За стеной, в гримерной, еще были слышны голоса ребят. Мару плел очередную ахинею, остальные дружно ржали. Все было, как обычно, но что-то изменилось. Взгляд Окуры, голодный и злой, и его запавшие в душу слова:
— Ты мне нужен. Ты это знаешь. И я тебе нужен!
4.
Машина останавливается у служебного входа, и Ясуда вздрагивает, возвращаясь мыслями в настоящее.
«Итак, держаться поближе к Окуре, не забыть в обед выпить таблетки… Впрочем, вряд ли забуду». Бок, на который пришелся первый удар, терпимо, но ныл.

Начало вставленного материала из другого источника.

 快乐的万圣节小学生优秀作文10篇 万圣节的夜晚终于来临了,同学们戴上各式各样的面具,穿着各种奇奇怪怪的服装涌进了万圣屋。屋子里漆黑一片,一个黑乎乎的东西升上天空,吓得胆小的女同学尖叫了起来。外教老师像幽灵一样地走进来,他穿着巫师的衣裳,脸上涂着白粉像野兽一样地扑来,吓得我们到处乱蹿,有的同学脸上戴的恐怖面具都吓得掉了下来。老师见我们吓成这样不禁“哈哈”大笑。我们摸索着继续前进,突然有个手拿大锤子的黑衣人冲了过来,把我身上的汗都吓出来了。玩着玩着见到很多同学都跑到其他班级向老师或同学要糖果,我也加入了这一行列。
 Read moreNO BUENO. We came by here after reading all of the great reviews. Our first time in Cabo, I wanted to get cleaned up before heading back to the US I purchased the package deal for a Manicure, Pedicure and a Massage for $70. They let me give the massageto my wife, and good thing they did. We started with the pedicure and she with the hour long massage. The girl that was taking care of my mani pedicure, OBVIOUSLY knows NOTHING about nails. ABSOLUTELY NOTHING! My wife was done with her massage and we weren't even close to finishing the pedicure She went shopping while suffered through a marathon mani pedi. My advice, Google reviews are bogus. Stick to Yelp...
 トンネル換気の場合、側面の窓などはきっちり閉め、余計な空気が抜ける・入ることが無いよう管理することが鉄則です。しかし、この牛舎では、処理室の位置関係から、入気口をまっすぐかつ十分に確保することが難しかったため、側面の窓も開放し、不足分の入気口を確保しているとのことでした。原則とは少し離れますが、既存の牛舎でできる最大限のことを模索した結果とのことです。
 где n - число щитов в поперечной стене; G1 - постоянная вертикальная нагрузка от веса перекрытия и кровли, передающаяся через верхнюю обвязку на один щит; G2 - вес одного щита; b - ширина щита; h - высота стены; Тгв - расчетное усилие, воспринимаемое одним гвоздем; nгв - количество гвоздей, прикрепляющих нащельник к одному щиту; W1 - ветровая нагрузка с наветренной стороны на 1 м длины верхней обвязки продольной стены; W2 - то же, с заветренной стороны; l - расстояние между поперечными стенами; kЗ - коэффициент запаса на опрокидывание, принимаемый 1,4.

«Может, ребро сломано? Нет, в тот раз дышать не мог. Сейчас вроде ничего».
Коридоры агентства полны народа. Мелкие носятся, периодически врезаясь в кого-нибудь из взрослых и замирая на миг, чтобы извиниться в поклоне. Те, в свою очередь, спешат по делам. Третий этаж, четверная комната — место общего сбора группы. Здесь они обсуждают совместные проекты. И здесь уже почти все на месте.

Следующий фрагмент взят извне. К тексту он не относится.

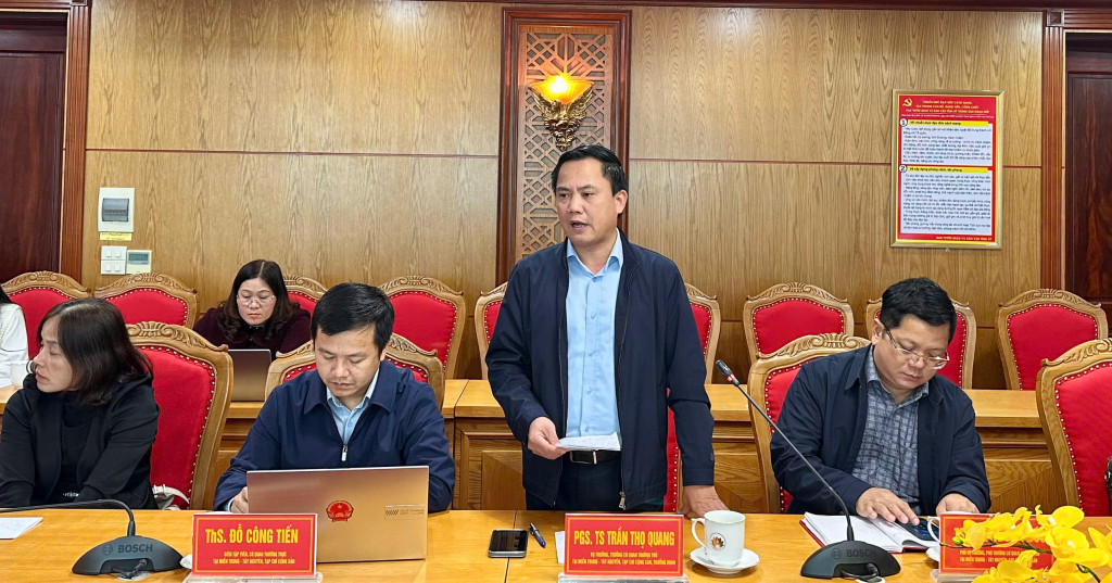 PGS,TS Trần Thọ Quang, Vụ trưởng, Trưởng Cơ quan Thường trực Tạp chí Cộng sản tại miền Trung - Tây Nguyên phát biểu tại buổi làm việc.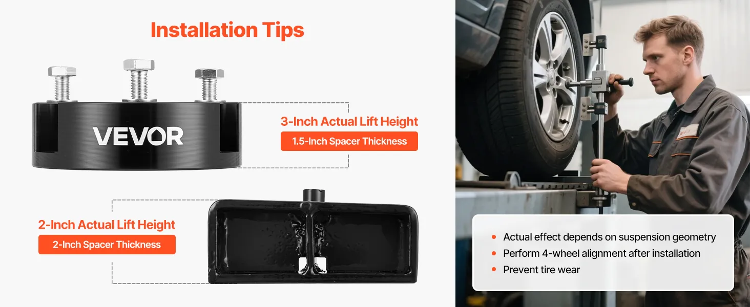 3-Inch Front & 2-Inch Rear Lift: Our level kit includes two strut spacers, two U-bolts, two lift blocks, and high-strength bolts to raise the front and rear chassis. Spacer thickness isn't actual lift height—final lift varies by suspension geometry
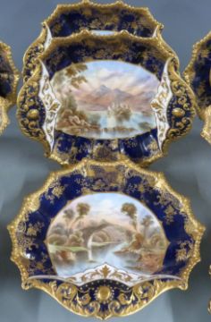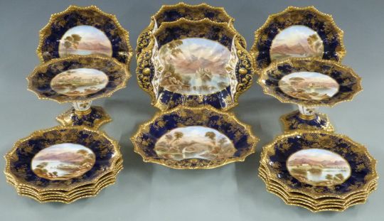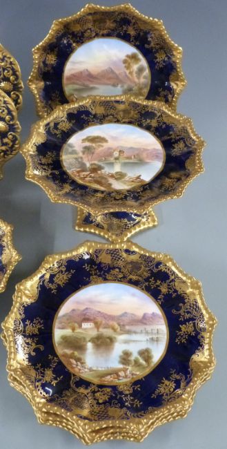 Aynsley late 19th/20thC dessert service of twelve plates, two tazzas and three serving dishes, hand decorated with named Scottish scenes including Brig o' Doon, Bothwell Castle, Kilchurn Castle, Linlithgow, Loch Leven Castle, Loch Vennachen, Ronarno Castle, Loch Monteath, Loch Katrine, Loch Fad and Keens Cottage, Loch Lydon, Loch Cullin, Dumbrody Abbey, Loch Achray, Loch Oich, Loch Tay and Doune Castle, all with additional gilded decoration on segmented and gadrooned dishes, monogrammed W H C, diameter of plates 21.5cm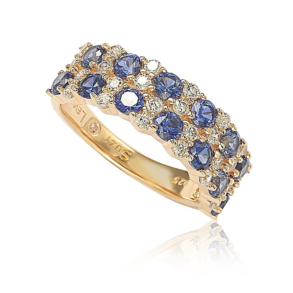 Suzy Levian Rose Sterling Silver Natural Blue Sapphire and Diamond Accent Double Row Band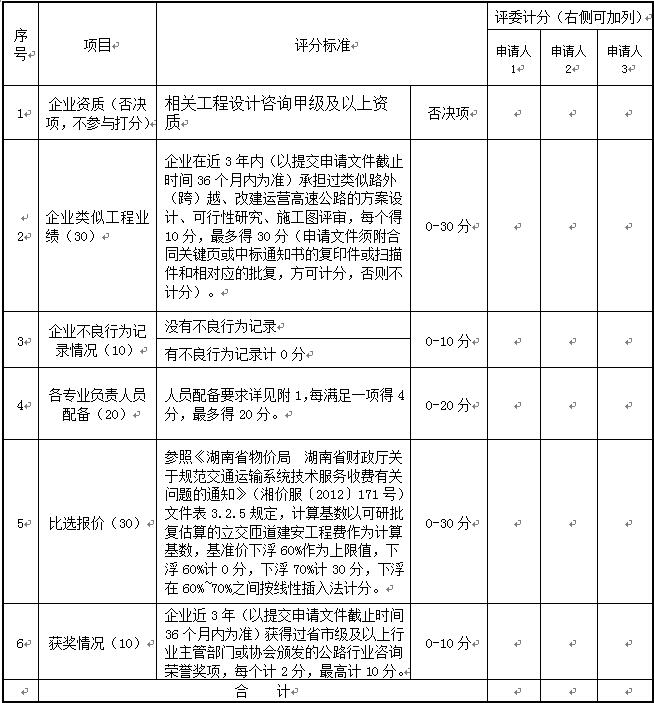 比选文件综合评分表(基本分100分)
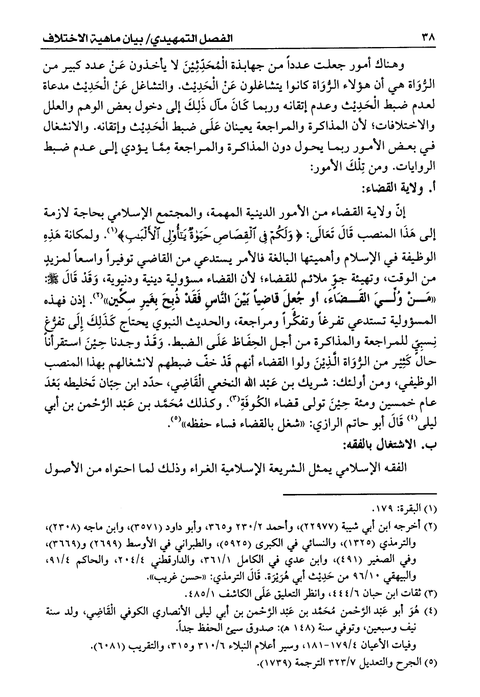إنّ ولاية القضاء من الأمور الدينية المهمة، والمجتمع الإسلامي بحاجة لازمة إلى هَذَا المنصب قَالَ تَعَالَى: {وَلَكُمْ فِي الْقِصَاصِ حَيَاةٌ يَا أُولِي الأَلْبَابِ} (¬1). ولمكانة هَذِهِ الوظيفة في الإسلام وأهميتها البالغة فالأمر يستدعي من القاضي توفيراً واسعاً لمزيدٍ من الوقت، وتهيئة جوٍّ ملائم للقضاء؛ لأن القضاء مسؤولية دينية ودنيوية، وَقَدْ قَالَ - صلى الله عليه وسلم -: ((مَنْ وُلِّيَ القَضَاءَ، أو جُعِلَ قاضِياً بَيْنَ النَّاسِ فَقَدْ ذُبِحَ بِغَيرِ سِكِّين)) (¬2). إذن فهذه المسؤولية تستدعي تفرغاً وتفكُّراً ومراجعة، والحديث النبوي يحتاج كَذَلِكَ إِلَى تفرُّغٍ نِسبِيٍّ للمراجعة والمذاكرة من أجل الحِفَاظ عَلَى الضبط. وَقَدْ وجدنا حِيْنَ استقرأنا حال كَثِيْر من الرُّوَاة الَّذِيْنَ ولوا القضاء أنهم قَدْ خفّ ضبطهم لانشغالهم بهذا المنصب الوظيفي، ومن أولئك: شريك بن عَبْد الله النخعي الْقَاضِي، حدّد ابن حِبّان تَخليطه بَعْدَ عام خمسين ومئة حِيْنَ تولى قضاء الكُوفَةِ (¬3). وكذلك مُحَمَّد بن عَبْد الرحمان بن أبي ليلى (¬4) قَالَ أبو حاتم الرازي: ((شغل بالقضاء فساء حفظه)) (¬5).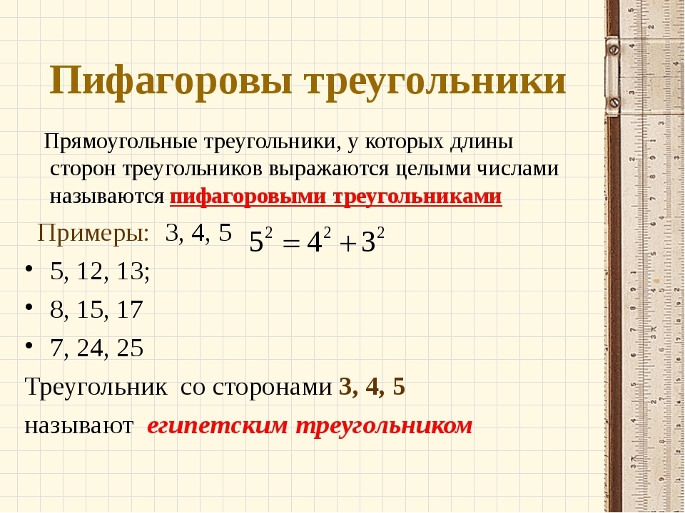 Пифагоровыми треугольниками называют класс прямоугольных треугольников, длины сторон которых выражаются натуральными числами. А тройки таких чисел называются пифагоровыми тройками.

— О, алкоголики прибыли, можем начинать, — Мураками раскрывает блокнот. Окура и Ясуда садятся рядом с остальными за длинный стол.

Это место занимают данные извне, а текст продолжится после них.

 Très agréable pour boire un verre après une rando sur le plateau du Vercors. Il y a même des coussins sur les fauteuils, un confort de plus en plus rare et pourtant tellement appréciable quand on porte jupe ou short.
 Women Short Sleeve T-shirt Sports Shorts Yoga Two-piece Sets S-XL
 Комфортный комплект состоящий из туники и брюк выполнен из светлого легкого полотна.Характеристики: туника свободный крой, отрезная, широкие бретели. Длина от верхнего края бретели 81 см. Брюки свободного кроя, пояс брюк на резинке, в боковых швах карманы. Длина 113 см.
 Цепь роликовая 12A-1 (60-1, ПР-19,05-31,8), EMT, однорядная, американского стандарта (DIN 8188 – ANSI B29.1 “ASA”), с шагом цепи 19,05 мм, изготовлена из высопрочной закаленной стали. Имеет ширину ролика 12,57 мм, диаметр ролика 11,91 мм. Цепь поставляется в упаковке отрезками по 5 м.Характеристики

Что говорит Хина, Шота слушает вполуха. Но главное слышит: «Концерты начинаются четвертого. Репетиции через неделю». За неделю надо успеть восстановиться.
— Еще одна ручка есть? – Рё толкает несильно: — Ручка, спрашиваю, еще одна есть? Да не мне. Субару просит.
«Субару?!» — Шота поднимает глаза на удивленного Шибутани, который сидит чуть дальше напротив.
— Да, держи.
Похоже, Субару пришлось несколько раз позвать его, прежде чем Нишикидо решил помочь. После ночей с Окурой Ясу старается держаться от Бару подальше. Словно наказывая себя. Ведь хочется совсем наоборот. Прижаться. Можно даже без ответных объятий. Просто посидеть рядом. Поговорить о чем-нибудь. А можно и не разговаривать. Как было раньше. Но… в последнее время Ясуда очень мало себе позволяет. Шибуян немного удивился, когда Шота стал больше уделять времени Рё или тому же Таччону, но возражать не стал, переключился на Мару. И, похоже, удачно: фанаткам нравится. А Ясу так хочется оказаться на месте Маруямы, а лучше — вернуться на свое место рядом с Субару. Там было хорошо. Тепло и спокойно. Если бы он не позволял себе мечтать. Если бы больше себя контролировал. Ничего не вернешь. Ничего не изменишь.
— Ты в порядке?
— Да. Все хорошо. Не выспался просто…
«Кажется, или в голосе Шибутани действительно волнение, а не дежурное беспокойство. Потом, во время тура, а может, даже репетиций, можно будет поболтать, а лучше сходить куда-нибудь вдвоем. Субару не пьет. Надо будет найти хороший ресторан со здоровой пищей».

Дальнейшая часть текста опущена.